As the stream of nameless dead, with faces streaked with tears and blood, runs past the pilgrim in pursuit of a blank banner, Dante catches the eyes of one man: he who made “the great refusal.” Most scholars agree that this anonymous coward is Celestine V: the first pope that Dante puts in hell, and the figure at the center of Jon M. Sweeney’s The Pope Who Quit.

Born Pietro Angelerio, Celestine V served as pope for five months in 1294—during Dante’s lifetime—and was by all accounts a real saint. He was devoted to piety and sought to rid the papacy of impropriety. On seeing the scale of apostolic corruption, however, he resigned his post in search of a what he called “a stainless conscience.” For Dante, this was a crime against our common humanity, a crime that not only cost Celestine a place a heaven but left him unable even to enter hell. For Dante, walking away from a fight with evil is not an option. It is a vice disconnected from dogma and unrelated to creed, an unalloyed evil that fails to grasp the purpose of humanity.

For Dante, walking away from a fight with evil is not an option. It is a vice disconnected from dogma and unrelated to creed, an unalloyed evil that fails to grasp the purpose of humanity.

 

When Evil Thrives, Silence Is Not an Option

The powerful ethic embodied in the antechamber to Dante’s hell has gripped the West for seven centuries. Perhaps it finds its most explicit expression in the American spirit. In 1910, it formed the spine of Theodore Roosevelt’s famous lines in The Man in the Arena, when he speaks of “those timid souls who neither know of victory nor defeat.” In 1967, it spurred Martin Luther King Jr. to speak outside the United Nations against the Vietnam War, when he said, “I am here because I agree with Dante, that the hottest places in hell are reserved for those who, in a period of moral crisis, maintain their neutrality.” Though it is true that this antechamber is technically not the hottest place in hell, MLK’s paraphrase reflects the contemptuous and opprobrious spirit of Dante’s poetry.

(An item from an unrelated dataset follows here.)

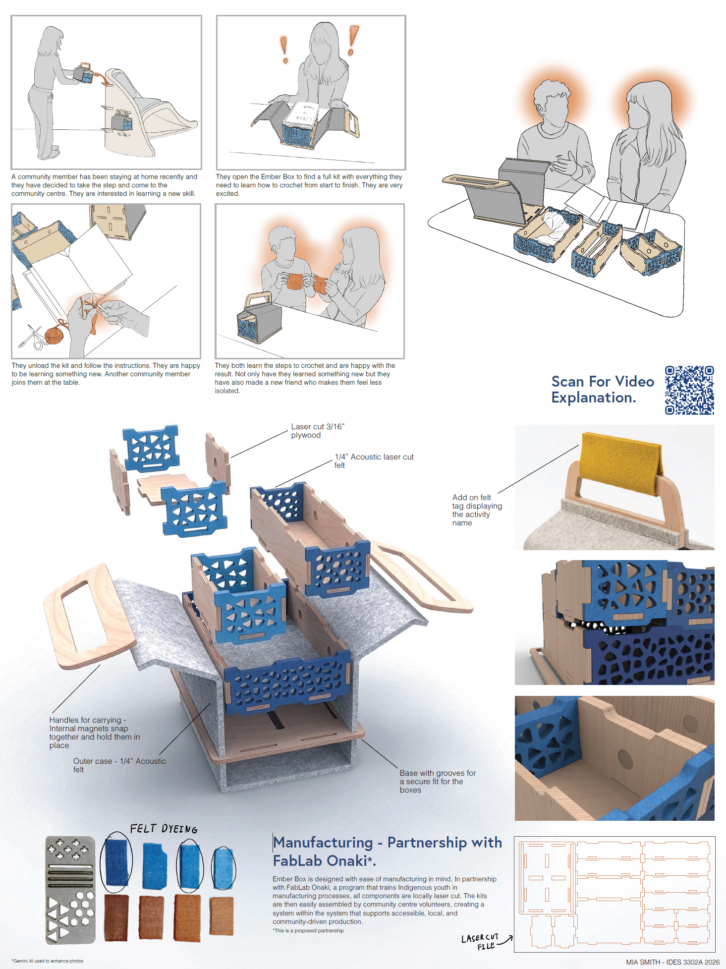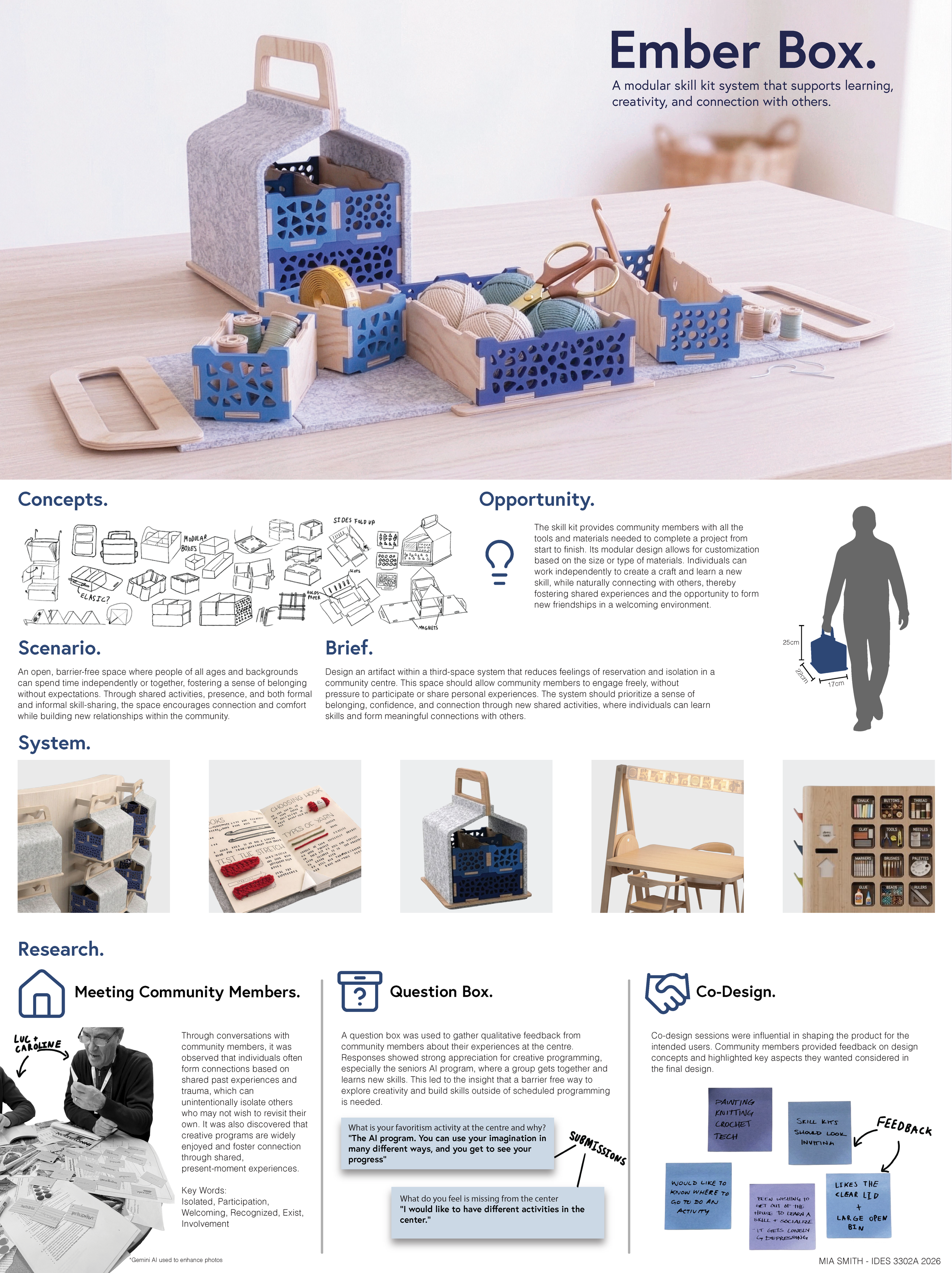 Ember Box is a modular skill kit system that supports hands-on learning, creativity, and meaningful connection with others, allowing individuals to create independently while naturally encouraging shared experiences.

And as my students and I studied this great refusal, we recognized an ethic that sits at the crux of one of the most pivotal shifts in the Hebrew Bible: when Moses initially resists his summons to save a nation of slaves and stand up to an evil empire. For seven days, Moses wrestled with God but caved in, in a fit of devotion, to the mission of living as a moral agent. In one of the most important moments of his life, Moses realized that when evil thrives, silence is not an option.

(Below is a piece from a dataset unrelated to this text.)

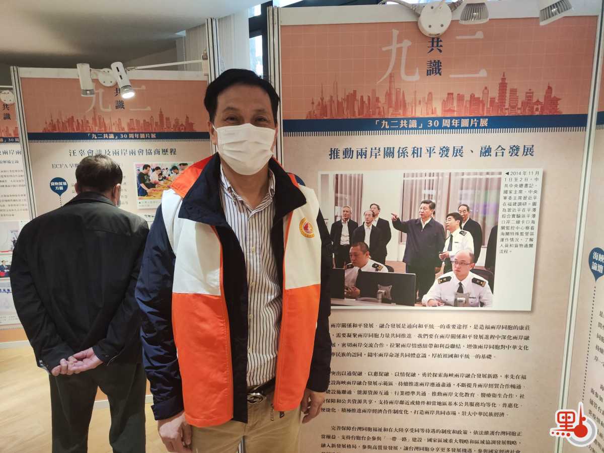 中國和平統一促進會香港總會常務副會長盧金榮表示,今次圖片展吸引了不少年輕人前來觀看,可以學習有關「九二共識」的知識,回顧這段歷史,了解到「九二共識」的核心要義是「海峽兩岸同屬一個中國,共同努力謀求國家統一」。祖國亦不斷推動兩岸關係和平發展、融合發展。他說,國家出台很多措施,便利台灣同胞在大陸的生活,台灣居民居住證有三項權利、六項服務、九項便利,讓台胞生活更加便利,也更有認同感和歸屬感。除此之外,祖國也放寬了台胞個體戶限制,提供更多創業空間。「我們與台灣同胞同根同源,希望能夠早日和平統一。」

So, although we were a room full of orthodox Jews having spent the first hours of our day immersed in Jewish tradition, the Inferno did not feel too unfamiliar. Though, to some degree, a reading of Dante’s Purgatory and Paradise might well clash with our spiritual curricula—taking us deep into Christological territory—in Dante’s hell, for all its terror, we felt his moral imagination and found our common humanity.